Um, wait… I have a checkered past? Who am I to tell you about magical intimacy if I’ve got a scarlet letter on my chest?
Perhaps it’s like a prisoner giving a scared straight pitch. I have experience and knowledge, that’s about it. I can tell you about the painful choices I made and hope you can take my word for it so you don’t have to pay the toll as well. This is why you need to surround yourself with friends and mentors who will support you in your choice to do the right thing. It is easy to stumble. It’s really easy to stumble when you find yourself in love and physically attracted to the right person.
The world will tell you to play the field.
Take the car for a test drive before you buy it.
Practice your game before you take the field.
What if he/she is a horrible lover? You’re stuck with them for the rest. of. your. life!

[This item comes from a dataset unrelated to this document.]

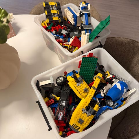 Masser af godt LEGO med forskellige byggeklodser og figurer. Indeholder en blanding af klodser i flere farver og størrelser, opbevaret i en gennemsigtig plastbeholder. Sættet kan bruges til kreativ leg og konstruktion.

There are a lot of ‘what-ifs’ when you enter into a marriage. Talk to a couple who made it through years of married life and you will hear that it wasn’t easy. You stick it out and you work through the tough times together. You figure things out together. You support each other and learn about life together. You communicate. You forgive. You love unconditionally. You love exclusively.
Several months ago, my husband and I were talking about our daughters new relationship and our desire to support them through their desire to wait for intimacy. I asked David, “Do you wish you hadn’t had anyone else before me?” He earnestly replied, “Yes.” We both wish we could go back and erase the past knowing the emotional scars we had as well as some physical affects too. Physical affects? This isn’t something people typically talk about because it’s raw and edgy. The truth is, a life of impurity is a road that quite possibly will lead to some unfortunate ramifications. Let me be clear…
The obvious correlation people will assume I am referencing are STDs, unplanned pregnancy, infertility due to settling down later in life, as well as any number of logical arguments used to promote abstinence until marriage. I’m going to tell you about something even more alarming– sexual disfunction. [GASP!]
There are a number of things that can naturally happen to a man or a woman as they age beyond their reproductive years. The tragedy is that because of the increased acceptance of multiple partners, experimentation, and pornography before, during, and as a replacement for intimacy, physical relationships are suffering. The End.
Why, ‘The End’?
Because I’m not going to enter into a debate with someone who wants to promote a worldly opinion on how these things benefit sexual relations. Why? Because the point is that this isn’t the worlds design for sex, I’m promoting God’s plan for intimacy when He created us for exclusivity. If you don’t care for this viewpoint, that’s okay. When He created you he also gave you free will to chose if you would follow or blaze your own trail.
This is quite enough to ponder for Part 2. I’m not exactly sure how many parts I’ll end up with. I do know I have yet to talk about the blurred lines. I’ll give you a hint with a hope you come back to read on…
It may involve a quote from a former President of the US.
It may reveal more about my past that I ever planned to publish.
It may help some kid out there who knows in their heart what is right but who has a group of friends pressuring them to cross a line they don’t feel comfortable crossing.
Hang tough kids. Your innocence isn’t a burden. It is a precious and beautiful treasure.
Intimacy is a beautiful thing and is worth the wait. Trust me.